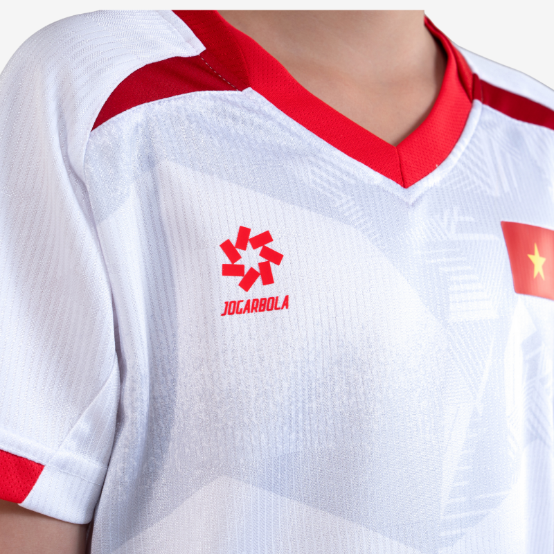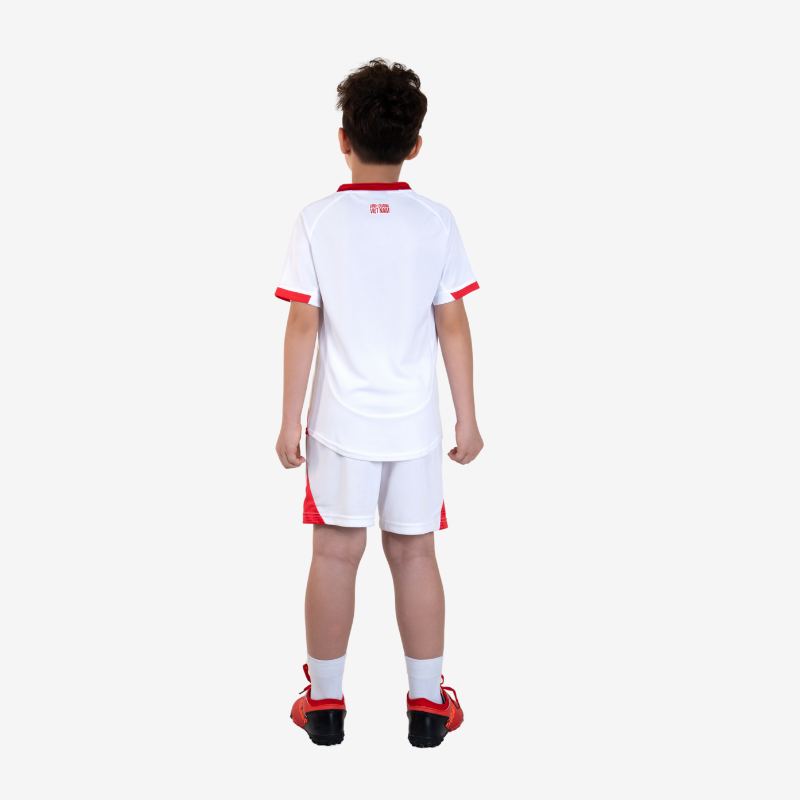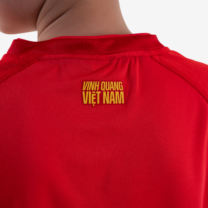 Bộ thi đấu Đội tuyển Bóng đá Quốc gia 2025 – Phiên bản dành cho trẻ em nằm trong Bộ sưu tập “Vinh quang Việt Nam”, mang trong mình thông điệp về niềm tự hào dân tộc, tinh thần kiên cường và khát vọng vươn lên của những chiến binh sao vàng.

==

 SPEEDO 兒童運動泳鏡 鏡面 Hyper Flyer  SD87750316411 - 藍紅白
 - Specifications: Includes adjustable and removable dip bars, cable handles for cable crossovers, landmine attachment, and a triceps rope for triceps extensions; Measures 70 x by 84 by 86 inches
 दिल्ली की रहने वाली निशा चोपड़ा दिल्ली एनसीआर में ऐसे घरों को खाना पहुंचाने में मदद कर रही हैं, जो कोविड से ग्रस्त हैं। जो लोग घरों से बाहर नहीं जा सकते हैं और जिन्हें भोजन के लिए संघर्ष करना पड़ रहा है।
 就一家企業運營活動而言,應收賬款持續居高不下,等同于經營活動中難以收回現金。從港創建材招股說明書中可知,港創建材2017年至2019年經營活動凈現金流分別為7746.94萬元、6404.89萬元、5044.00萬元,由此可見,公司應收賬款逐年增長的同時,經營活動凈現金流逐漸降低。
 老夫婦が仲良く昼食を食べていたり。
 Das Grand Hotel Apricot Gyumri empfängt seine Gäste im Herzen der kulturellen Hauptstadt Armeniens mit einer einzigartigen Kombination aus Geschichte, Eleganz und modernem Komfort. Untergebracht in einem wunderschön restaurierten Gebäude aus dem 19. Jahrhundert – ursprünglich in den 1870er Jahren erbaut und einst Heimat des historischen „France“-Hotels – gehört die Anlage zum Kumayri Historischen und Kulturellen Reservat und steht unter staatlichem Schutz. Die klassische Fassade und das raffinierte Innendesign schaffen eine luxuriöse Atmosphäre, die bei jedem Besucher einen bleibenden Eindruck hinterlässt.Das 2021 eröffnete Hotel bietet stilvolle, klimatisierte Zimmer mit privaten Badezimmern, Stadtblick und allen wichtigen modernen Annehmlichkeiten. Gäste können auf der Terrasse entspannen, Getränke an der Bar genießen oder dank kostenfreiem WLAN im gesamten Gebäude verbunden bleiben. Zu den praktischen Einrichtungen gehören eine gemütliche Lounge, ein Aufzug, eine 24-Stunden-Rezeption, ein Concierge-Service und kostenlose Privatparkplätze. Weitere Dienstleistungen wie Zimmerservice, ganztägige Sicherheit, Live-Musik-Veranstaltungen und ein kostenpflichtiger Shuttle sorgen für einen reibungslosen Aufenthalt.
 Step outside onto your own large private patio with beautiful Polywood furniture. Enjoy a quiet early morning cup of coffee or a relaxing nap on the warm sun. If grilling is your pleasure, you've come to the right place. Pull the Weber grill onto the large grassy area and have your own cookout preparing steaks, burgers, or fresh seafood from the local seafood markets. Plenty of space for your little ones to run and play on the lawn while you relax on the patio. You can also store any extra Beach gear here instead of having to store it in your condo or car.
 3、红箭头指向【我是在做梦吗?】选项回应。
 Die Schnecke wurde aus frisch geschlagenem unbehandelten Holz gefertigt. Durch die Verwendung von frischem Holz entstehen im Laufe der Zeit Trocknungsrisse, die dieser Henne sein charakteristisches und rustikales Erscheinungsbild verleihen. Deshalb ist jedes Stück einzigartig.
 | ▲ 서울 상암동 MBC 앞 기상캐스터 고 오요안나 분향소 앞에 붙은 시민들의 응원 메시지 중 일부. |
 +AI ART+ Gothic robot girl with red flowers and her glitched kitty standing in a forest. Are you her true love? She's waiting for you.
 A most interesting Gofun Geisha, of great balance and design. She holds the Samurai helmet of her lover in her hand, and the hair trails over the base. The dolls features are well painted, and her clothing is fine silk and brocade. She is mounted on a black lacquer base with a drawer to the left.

...

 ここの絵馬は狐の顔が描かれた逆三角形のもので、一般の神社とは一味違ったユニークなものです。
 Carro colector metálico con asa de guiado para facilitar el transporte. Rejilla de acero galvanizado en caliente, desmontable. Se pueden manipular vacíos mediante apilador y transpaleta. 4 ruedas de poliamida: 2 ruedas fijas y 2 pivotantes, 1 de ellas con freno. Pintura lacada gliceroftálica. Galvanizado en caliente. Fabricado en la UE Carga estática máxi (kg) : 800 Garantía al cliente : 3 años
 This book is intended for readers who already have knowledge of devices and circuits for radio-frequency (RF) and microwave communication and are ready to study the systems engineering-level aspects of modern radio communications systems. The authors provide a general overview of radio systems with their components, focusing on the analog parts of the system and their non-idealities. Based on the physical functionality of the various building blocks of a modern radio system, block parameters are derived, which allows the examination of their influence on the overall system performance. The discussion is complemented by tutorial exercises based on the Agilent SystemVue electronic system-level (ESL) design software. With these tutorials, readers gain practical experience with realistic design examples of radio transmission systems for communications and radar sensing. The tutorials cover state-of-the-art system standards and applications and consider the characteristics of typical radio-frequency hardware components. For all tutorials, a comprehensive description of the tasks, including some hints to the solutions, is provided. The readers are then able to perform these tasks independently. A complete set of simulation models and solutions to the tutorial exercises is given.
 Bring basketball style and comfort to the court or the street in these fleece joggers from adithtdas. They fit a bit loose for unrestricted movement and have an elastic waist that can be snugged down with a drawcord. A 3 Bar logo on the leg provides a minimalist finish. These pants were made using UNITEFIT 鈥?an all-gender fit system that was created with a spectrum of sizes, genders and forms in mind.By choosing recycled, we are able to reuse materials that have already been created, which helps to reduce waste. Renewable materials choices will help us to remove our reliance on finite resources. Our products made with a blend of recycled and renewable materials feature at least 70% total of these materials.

= Problem statement =
Give again exactly, and only, the lines above starting at the one with "就一家企業運營活動而言,應收" and ending at the one with "3、红箭头指向【我是在做梦吗?】选项回应。".

= Response to the exercise =
 就一家企業運營活動而言,應收賬款持續居高不下,等同于經營活動中難以收回現金。從港創建材招股說明書中可知,港創建材2017年至2019年經營活動凈現金流分別為7746.94萬元、6404.89萬元、5044.00萬元,由此可見,公司應收賬款逐年增長的同時,經營活動凈現金流逐漸降低。
 老夫婦が仲良く昼食を食べていたり。
 Das Grand Hotel Apricot Gyumri empfängt seine Gäste im Herzen der kulturellen Hauptstadt Armeniens mit einer einzigartigen Kombination aus Geschichte, Eleganz und modernem Komfort. Untergebracht in einem wunderschön restaurierten Gebäude aus dem 19. Jahrhundert – ursprünglich in den 1870er Jahren erbaut und einst Heimat des historischen „France“-Hotels – gehört die Anlage zum Kumayri Historischen und Kulturellen Reservat und steht unter staatlichem Schutz. Die klassische Fassade und das raffinierte Innendesign schaffen eine luxuriöse Atmosphäre, die bei jedem Besucher einen bleibenden Eindruck hinterlässt.Das 2021 eröffnete Hotel bietet stilvolle, klimatisierte Zimmer mit privaten Badezimmern, Stadtblick und allen wichtigen modernen Annehmlichkeiten. Gäste können auf der Terrasse entspannen, Getränke an der Bar genießen oder dank kostenfreiem WLAN im gesamten Gebäude verbunden bleiben. Zu den praktischen Einrichtungen gehören eine gemütliche Lounge, ein Aufzug, eine 24-Stunden-Rezeption, ein Concierge-Service und kostenlose Privatparkplätze. Weitere Dienstleistungen wie Zimmerservice, ganztägige Sicherheit, Live-Musik-Veranstaltungen und ein kostenpflichtiger Shuttle sorgen für einen reibungslosen Aufenthalt.
 Step outside onto your own large private patio with beautiful Polywood furniture. Enjoy a quiet early morning cup of coffee or a relaxing nap on the warm sun. If grilling is your pleasure, you've come to the right place. Pull the Weber grill onto the large grassy area and have your own cookout preparing steaks, burgers, or fresh seafood from the local seafood markets. Plenty of space for your little ones to run and play on the lawn while you relax on the patio. You can also store any extra Beach gear here instead of having to store it in your condo or car.
 3、红箭头指向【我是在做梦吗?】选项回应。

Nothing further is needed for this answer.